Friday, February 27th, 2009

An opinion poll in todays Irish Indefensiblytacky has put Fianna Fail in 9th place behind Fine Gael (30%), Labour (25%), The Greens (9%), Sinn Féin (5%), Others (5%), The Ghost Of Des O’Malley (4%), Judge The Dog (3%) and A Recurrence Of the Black Death (1%).

Commenting on the partiy’s historically low approval rating of 0.67%, the Tánaiste Mary Coughlan (not the talented one, the other one) said that while there was clearly room for improvement the party was not dismayed.

“We realise that any government taking unpopular and tough decisions will have trouble in the opinion polls right now,” she said, speaking through the official letterbox at Fianna Fail HQ this morning. “Things could be worse, and it’s only natural that the public would rather be slowly and painfully wiped out by a virulent disease than watch an Taoiseach and myself and the rest of the feckers stuck in this god-forsaken hole of a kip going through the macabre dance of staggering, slurring incompetence which is becoming our trademark. Shite, I meant to say something else.

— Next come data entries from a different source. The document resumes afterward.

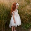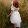 Ρομαντικό φόρεμα βάπτισης Baby Bloom σε ιβουάρ απόχρωση με ιδιαίτερη ανάγλυφη δαντέλα στην μέση και στο τελείωμα . Χειροποίητο λουλούδι που στολίζει τη μέση του φορέματος και μεγάλος φιόγκος στο πίσω μέρος . Εσωτερική επένδυση από μαλακό βαμβακερό ύφασμα. Ασορτί κορδέλα με το ίδιο λουλούδι του φορέματος και κατ’ επιλογή μπαντάνα ή τουρμπάνι .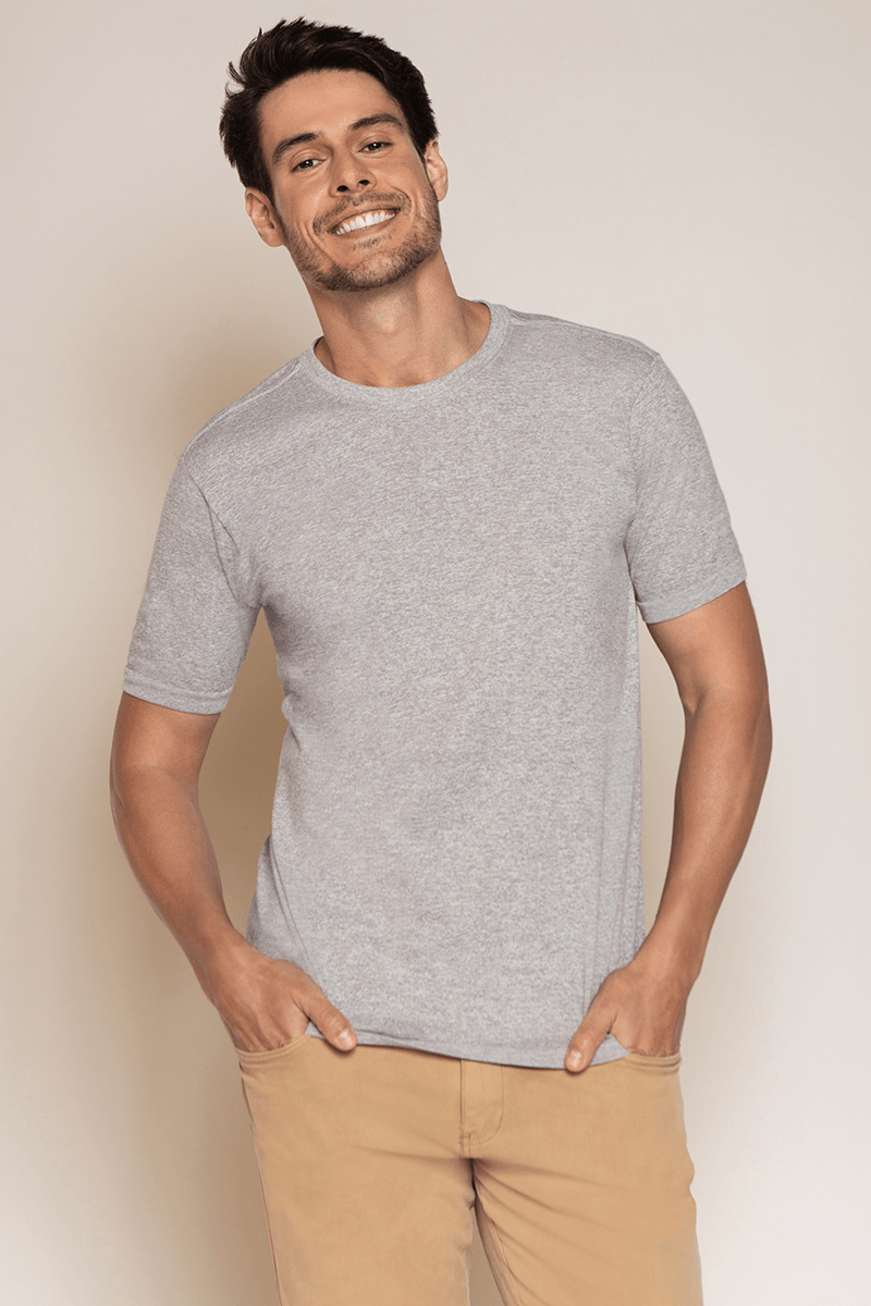 Camiseta feita com mistura de algodão e poliamida, confortável e estilosa para o dia a dia. Possui modelagem tradicional, decote careca, manga curta e é sem costura.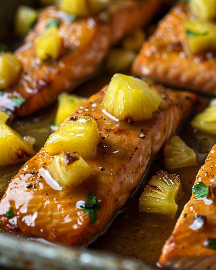 Picture a serene Midwestern summer evening, cicadas humming gently in the dusk and a warm breeze carries the sweet scent of cornfields. It’s on nights like these that I cherish the simple, comforting foods that tie us to this land and to each other. Baked Pineapple Salmon is somewhat of a unique blend, mingling the steadfast traditions of Midwestern cooking with a hint of the exotic. Now salmon might not be native to our corn-laden plains, but this dish celebrates the beautiful way our table has expanded to include flavours from the coasts. On a wood-aged farm table, under the soft glow of hanging porch lights, this recipe offers a way to share a tale of unity – surf meeting turf right here in our home kitchens. This dish is for those evenings when you long for something that delights the palate and feeds the soul with a touch of sweetness and warmth.

Ouch.”

The Tánaiste ended the interview by falling forwards and slowly banging her head repeatedly against the door for twelve minutes to emphasise her determination to run headlong at any and all impermeable objects in her way.

Meanwhile a spokesghoul for The Black Death has said he and his pandemic are delighted at the results of the poll and that their position ahead of the party leading the government thoroughly justifies their policy of killing everyone.